For further information, please contact:
Premier Veterinary Group plc www.premiervetgroup.co.uk
Dominic Tonner, Chief Executive
Officer +44 (0)117 970 4130
Andy Paull, Chief Financial
Officer
WH Ireland Limited (Broker) www.whirelandplc.com
Mike Coe / Chris Savidge +44 (0) 207 220 1666
INTERIM MANAGEMENT REPORT
To the members of Premier Veterinary Group plc
Cautionary statement
This Interim Management Report ("IMR") has been prepared solely
to provide additional information to shareholders to assess the
Group's strategies and the potential for those strategies to
succeed. The IMR should not be relied on by any other party or for
any other purpose.
The IMR contains certain forward-looking statements.
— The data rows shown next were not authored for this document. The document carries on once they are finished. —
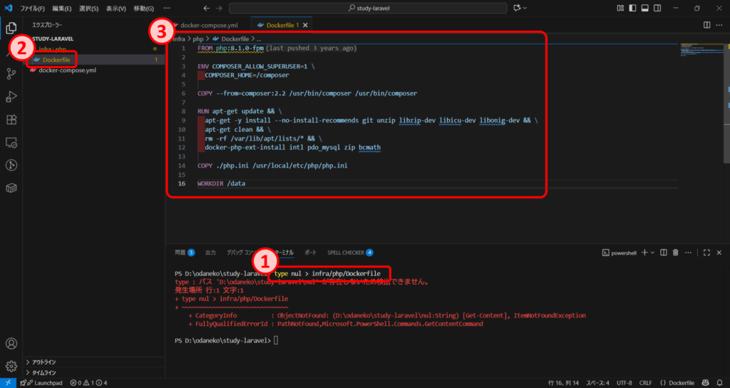 エラーメッセージが表示されますが、Dockerファイルが作成されていれば問題ありません。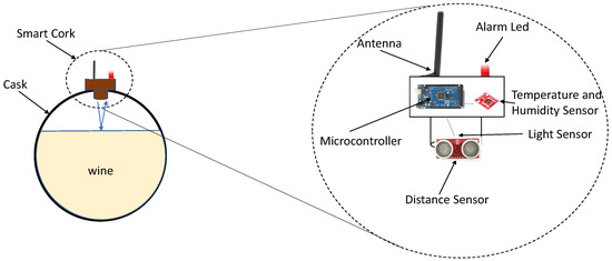 Figure 6 summarizes the hardware architecture that has been installed in the smart cork. The sensors chosen provide information about important parameters that are essential during the wine elaboration process and whose alteration has a negative effect on the quality of the wine [26]. Table 1 depicts the models and consumption of the different components that have been chosen for the prototype system. The table also shows an approximate cost of the cork prototype components, resulting in a total of €166 per cork. Note that the price is for the prototype and the cost of the wooden enclosure has not been included. A production-integrated solution would significantly reduce the costs. Another communication module would necessarily have to be placed in the sink node. The sink node could be deployed on many more powerful IoT devices such as a Raspberry Pi (54€ approx. price) or a PC.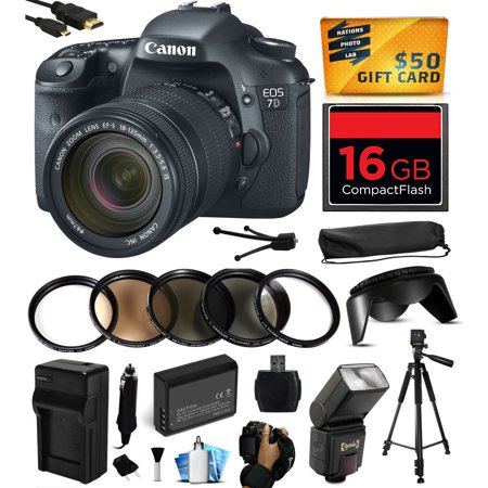 Canon EOS 7D 18MP CMOS Digital SLR Camera with 18-135mm f/3.5-5.6 IS UD Lens with 16GB Memory + Flash + Extra Battery + Travel Charger + Lens Hood + Cleaning Kit + $50 Gift Card 3814B016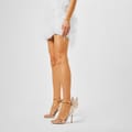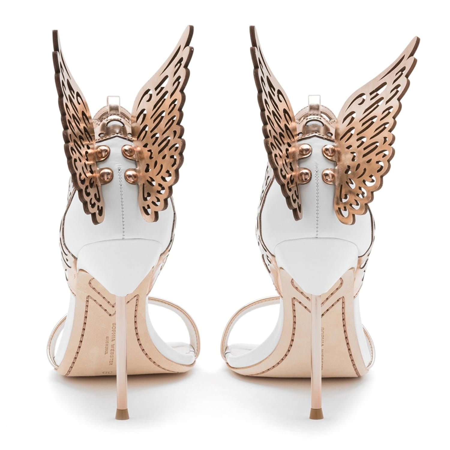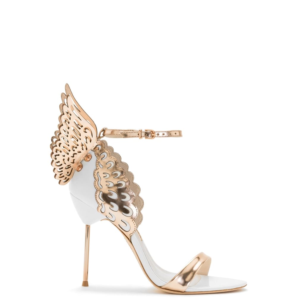 Upgrade your evening wear ensemble with these Evangeline wing heels from Sophia Webster. This style features the iconic butterfly motif with ribbed accents in metallic and boasts a delicate ankle strap with an open toe. Finished with a feminine thin stiletto heel, this style would make a perfect finish to your evening attire.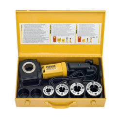 Kompakt, robust, baustellengerecht. Überall sofort einsetzbar, auch ohne Schraubstock. Schlanke Form für schwer zugängliche Stellen. Antriebsmaschine nur 3,5 kg. Nicht kopflastig, deshalb auch einhändig benutzbar. Perfekter, sicherer Sitz der Schnellwechsel-Schneidköpfe.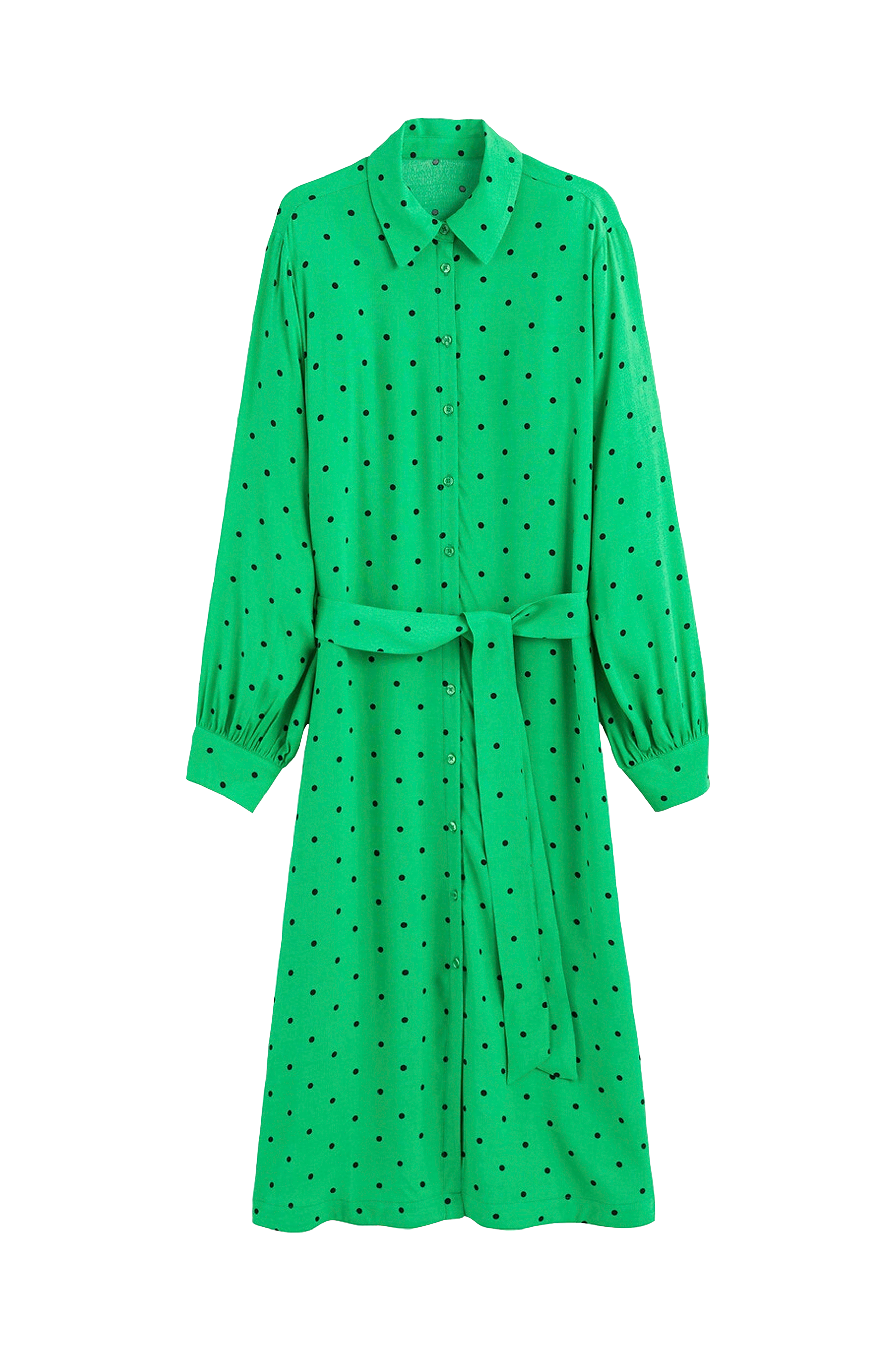 Farvestrålende skjortekjole med prikker. Tidløst snit. Trendy pufærme. Den perfekte basis-style i din garderobe. Detaljer - A-formet model - Midilængde - Langt pufærme - Skjortekrave - Gennemknappet foran - Bindebælte i taljen - Prikket mønster Produktets mål i str. 38/M - Længde: 120 cm - Ærmelængde: 61 cm

These
statements are made by the Directors in good faith based on the
information available to them up to the time of their approval of
this report, but such statements should be treated with caution due
to the inherent uncertainties, including both economic and business
risk factors, underlying such forward-looking information.
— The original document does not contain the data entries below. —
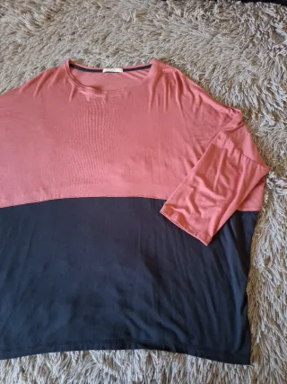 Blusa de diseño moderno con dos colores. - Corte holgado. - Mangas amplias.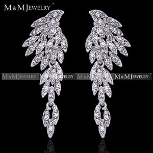 Eagle Silver Crystal Bridal Drop Long Earrings with Stones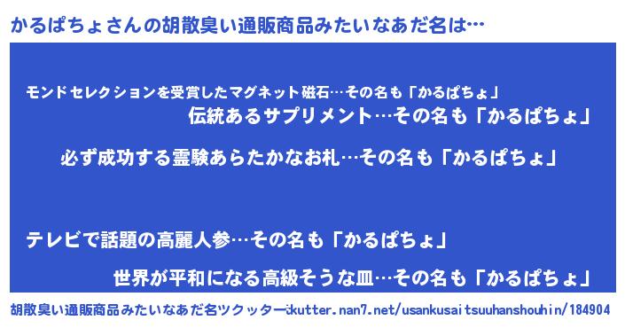 | 意味不明あだ名 | 『ペロリンかるぱちょ』『自称かるぱちょ』 |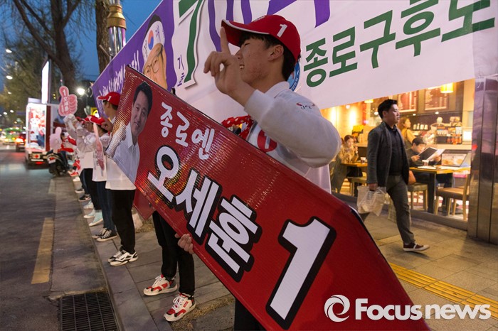 (서울=포커스뉴스) 20대 총선을 8일 앞둔 5일 오후 서울 종로구 통인시장 일대에서 오세훈 새누리당 종로구 후보가 퇴근길 선거유세를 하고 있다.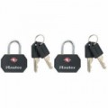 Set 2 ks visacích zámků o šířce 30 mm pro zavazadla schválen agenturou TSA. Hliníkové těla zámků mají ABS ochranný obal. Třmen z oceli o průměru 3 mm je odolný proti přeřezání a přestřižení. Zámek obsahuje cylindrickou vložku se 3 stavítky se společným klíčem. Bezpečnostní třída Master Lock 3. Rozměry (A x B x C mm): 3 x 15 x 11 mm.Cestovní visací zámky Master Lock TSA 4681EURTBLK, 2 ks, černá

This interim management report has been prepared for the Group
as a whole and, therefore, gives greater emphasis to those matters
which are significant to Premier Veterinary Group plc and its
subsidiary undertakings when viewed as a whole.
Introduction
Premier Veterinary Group plc provides its services to third
party veterinary practices through its wholly-owned subsidiary,
Premier Vet Alliance Limited ("PVA"). The Company also operates a
number of wholly-owned overseas subsidiaries to market its services
in the respective country.
The principal activity of the Group is the development,
administration and support of a preventative healthcare programme
for pets branded "Premier Pet Care Plan" ("PPCP"). PPCP is a
structured, monthly payment preventative healthcare programme for
cats, dogs and rabbits covering many of the fixed cost
non-insurable items to help maintain the health and wellbeing of a
pet. The programme facilitates gold standard care for pets at an
affordable price for the pet owner, by way of fixed monthly
payments.
Overview and strategic update
As stated in the Annual Report and Accounts for the year ended
30 September 2019 (the "2019 Annual Report"), the Group's
objectives are to:
-- leverage the success of the PVA business;
-- develop the business through its global strategic partnerships and growing data set;
-- continue to invest in PVA's global transaction platform; and,
-- develop new opportunities for growth.
In the first half of the financial year, the Group has continued
to pursue its strategy of targeted geographical expansion in order
to maximise the Group's growth potential and profitability. Over
the last six months, the Group has consolidated its PPCP businesses
and the management team continues to explore opportunities to
accelerate growth. The Group has delivered significant cost
reductions and targeted changes to its operational models to
improve profitability.
We continue to invest in our IT platform to ensure the business
delivers enhanced levels of customer support and experience in an
efficient way.
Regional review
UK
In the UK, the number of pets on plan has increased by 22% to
261,000 as at 31 March 2020 (31 March 2019: 214,000). Market
consolidation driven by corporate acquisition continues to provide
challenge to improve and diversify services and the opportunity to
win substantial contracts. Our Home Delivery service offering which
was released to the market in April 2018 has proven strategically
important during the Government lock-down announced on 23 March
2020 and has seen significant growth.
Europe
The number of pets on plan in Europe has increased by 13% to
53,000 (31 March 2019: 47,000).
The Group's most significant territory in Europe is the
Netherlands. We revised our service offering to the Dutch market
during Q4 of the previous financial year and now manage the
territory from the UK, this has resulted in significant
efficiencies enabling the territory to deliver a profit during the
first half year. We anticipate this profitability to be maintained
during the second half year ending 30 September 2020. The number of
pets on plan has decreased by 3% to 35,000 as at 31 March 2020 (31
March 2019: 36,000).
In France, at 31 March 2020, there were 16,000 pets on plan (31
March 2019: 10,000). Revenue grew by 8% year on year for the first
half of this financial year with a 24% reduction in operating
expense.
US
The number of pets on plan has increased to 22,000 (31 March
2019: 14,000). The investment made in the US territory and the
platform established by our operating model have enabled us to
continue to realise encouraging growth.
The net growth in pets on plan, being new pets signed up less
pets cancelled, has continued to improve following technological
and service enhancements implemented during 2019.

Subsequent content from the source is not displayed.